The study also indicates that the same amount of water that currently fills the Pacific Ocean could be buried deep inside the planet right now.
The study by The Ohio State University may help answer a longstanding question: Did our planet make its own water through geologic processes, or did water come to us via icy comets from the far reaches of the solar system?
The answer is likely "both," the researchers said.
At the American Geophysical Union (AGU) meeting in Washington, DC, yesterday, researchers reported the discovery of a previously unknown geochemical pathway by which the Earth can sequester water in its interior for billions of years and still release small amounts to the surface via plate tectonics, feeding our oceans from within.
Central to the study is the idea that rocks that appear dry to the human eye can contain water in the form of hydrogen atoms trapped inside natural voids and crystal defects.
Oxygen is plentiful in minerals, so when a mineral contains some hydrogen, certain chemical reactions can free the hydrogen to bond with the oxygen and make water.
In a lab at Ohio State, the researchers compress different minerals that are common to the mantle and subject them to high pressures and temperatures using a diamond anvil cell - a device that squeezes a tiny sample of material between two diamonds and heats it with a laser - to simulate conditions in the deep Earth.

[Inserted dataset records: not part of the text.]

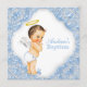 Boy's angel baptism and christening invitation with adorable angel baby boy on a beautiful baby blue swirl background. This adorable baby blue and white angel baptism invitation is easily customised for your event by simply adding your details in the font and wording of your choice. You can also change the background colour. This is a printed design with no real diamonds, glitter, etc.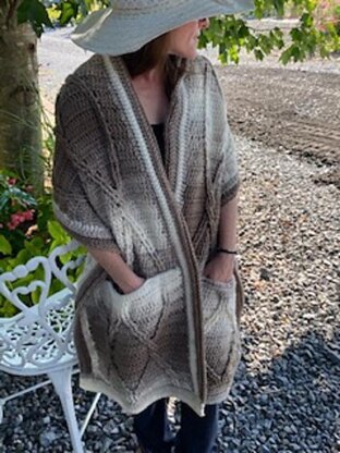 Lazy Cables Pocket Shawl is an instant classic style with a crossing cable design and generous pockets.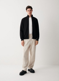 Men's sweatshirt, full zip, made of brushed cotton blend fabric. Reminiscent of the classic bomber jacket, this model has inset side pockets and high collar. The ribbed details make it interesting and practical. Suitable for any style, it goes perfectly with all outfits.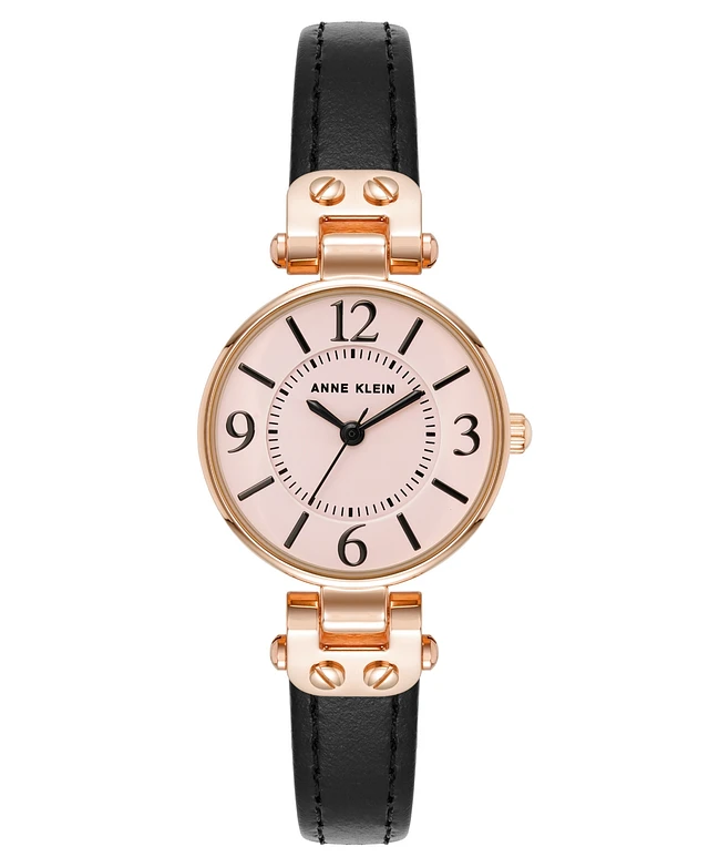 Anne Klein Women's Quartz Black Classic Leather and Rose Gold-Tone Alloy Metal Strap Watch, 28mm

They examine how the minerals' crystal structures change as they are compressed, and use that information to gauge the minerals' relative capacities for storing hydrogen.
A recent research found that ringwoodite, a form of olivine, contains enough hydrogen to make it a good candidate for deep-earth water storage.
So Panero and Pigott focused their study on the depth where ringwoodite is found - a place 523-804 km below the surface that researchers call the 'transition zone' - as the most likely region that can hold a planet's worth of water.